Common modes of path dependency in gameplay are single-pathing (linear), branch-pathing (set storylines), and wholly disconnected blobs of gameplay (open world). Titles where different paths lead to many specific variations seem rare to me. A path with many specific variations is one where the player can roam freely through the gameplay pieces, but the order in which they do so matters. The narrative design of this game is a bit tentacular... as is the theme. Tentacles are involved in the game's path-complexity.

The content is short, but highly replayable due to the author's attention to detail. The brevity of the game helps make the complex pathing interesting, since trying more variations doesn't take a prohibitive amount of time. I'm impressed by the novelty of this enough to suggest that I think this game could suggest a gameplay category of visual novels, where the story breaks apart into many player-directed storylets whose order of events is chosen by the player, then sews together a conclusion at the end based on the storylet ordering and the specific choices made within them. I know there are already other titles which attempt that, and I suspect there are enough that a pedant might argue it into a seeming commonplace, but I don't believe I've seen many titles that help define the category.

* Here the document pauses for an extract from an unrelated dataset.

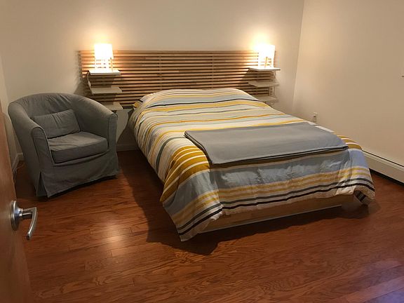 Turn-key apartment in a renovated home with only one other apartment. Open floor plan, 750 sq ft with modern Scandinavian furnishings, stainless steel appliances, European washer/dryer, queen-sized bed/mattress, flat-screen tv, large living room with a dining area, as well as a designated office nook. Hardwood floors, and access to storage. Designated parking space in driveway. Lovely back yard with a designated patio.

In this case, the protagonist also has a good in-universe reason why she can approach events in diverse order. She has little idea what state the region is in, but rather she's flying a ship through a sector of space under deadline when a traffic blockade gives her free time in front of that deadline. That's no spoiler; that's the start of the game. This gives her a reason to go sight-seeing on the clock, but she has little more than an in-system reference guide with which to form her reasons to go anywhere in particular. The star of the story starts out not in a high-stress position where urgent story events have to happen, but rather she's in an unexpectedly low-stress position where the urgent story event just got blocked with no recourse. Now she's reviewing her options somewhere she didn't really intend to be.

That low-stress narrative construct is interesting, and it may have some under-explored potential in being true to life for people in ways that urgent narratives usually aren't. Similar concepts may help with developing excuses for complex path-dependency in games. Many of the specific variations possible in a game will risk seeming forced/unnatural if the tension level in the narrative is high enough that making one decision or another seems like an intense and difficult decision, so low-tension pathing keeps it emotionally credible that the events could happen in many orders. Something else, too... That structure of having to make something out of many low-urgency decisions because the high-urgency decisions are totally blocked, I think people get there in other situations. This game expresses that structure in both its gameplay and its narrative. I found it bite-sized and replayable enough to invite thoughts about its structure, and it reminded me of things that happen well outside of the usual blast radius for a pornographic title.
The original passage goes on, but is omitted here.